Although the differences between editorial and commercial photography are pretty easy to understand, there are many people who never fail to confuse the two. Some people believe that if you are shooting for a blog that contains ads, then you are shooting commercial, and therefore, required to obtain model release forms from your subjects as well as face restrictions from shooting in certain public areas. If that were the case, then photojournalists throughout history would have been severely restricted from doing their job because newspapers and news stations both operate on ad revenue.
Commercial photography would be if you’re actually shooting one of those ads. These include the models in the glossy magazines or the high-end cars you see advertised or anything for that matter, including the well-dressed couple clinking glasses of champagne by the pool, advertising, of course, the champagne. In short: commercial photography constitutes images that are used to sell or promote a product or service.
Quite simply, editorial photography is photojournalism. It is the photos you see in the articles that appear next to the ads. It is determined, but not limited, by the newsworthiness of a photo. It can also be used for educational purposes like textbooks. Editorial images must be accurate portrayals of the subject matter, whether they are of protestors waving flags, police officers making an arrest, or politicians giving speeches.

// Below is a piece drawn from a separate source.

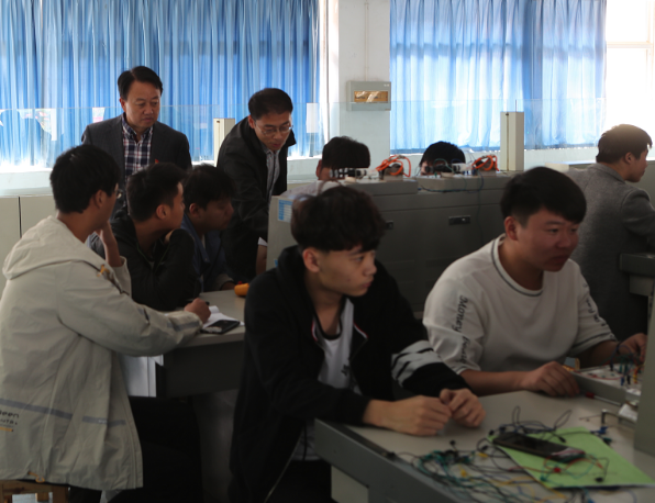 李树伟先后来到1号教学楼、本科班教学楼,随机走进了马克思主义学院张健老师的《思想道德修养与法律基础》、体育与心理健康教学部郑路老师的《大学生心理健康教育》、汽车工程学院朱玉丽老师的《机械制图》课堂,对教师们准备充分、逻辑清晰、授课效果好给予了充分肯定,并就思政课程改革、课程思政建设、实训室运行、本科班教学管理等问题,与任课教师、教务处负责人及相关部门负责人进行了交流指导。并深入实训室了解实训室设备运行及实训课开展情况。

Editorial photography captures reality and presents it as such.
Turning editorial images into commercial photographs
It is possible to turn some editorial images into commercal images. For example, a lawyer might wish to use an image of an arrest to promote here or his business, suggesting that she or he can fight someone’s case.

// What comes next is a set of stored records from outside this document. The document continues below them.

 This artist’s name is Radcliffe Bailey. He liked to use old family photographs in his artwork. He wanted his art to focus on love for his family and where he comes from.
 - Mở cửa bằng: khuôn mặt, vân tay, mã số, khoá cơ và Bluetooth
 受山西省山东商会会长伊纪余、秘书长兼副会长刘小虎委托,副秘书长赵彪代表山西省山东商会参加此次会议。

If a potential client were to approach you and request the use of one of your editorial images for commercial purposes, you must ensure that your image is ready to go from editorial to commercial use. In particular, any people that appear in the shot must have granted their permission for it to be used to promote or sell a product or service. This is known as a model release, and if you don’t have one, you can land yourself in hot water.
Knowing the difference
If you shoot enough editorial photographs, you will probably be threatened with lawsuits by people who don’t understand the law. But as long as you know the differences, you have nothing to worry about.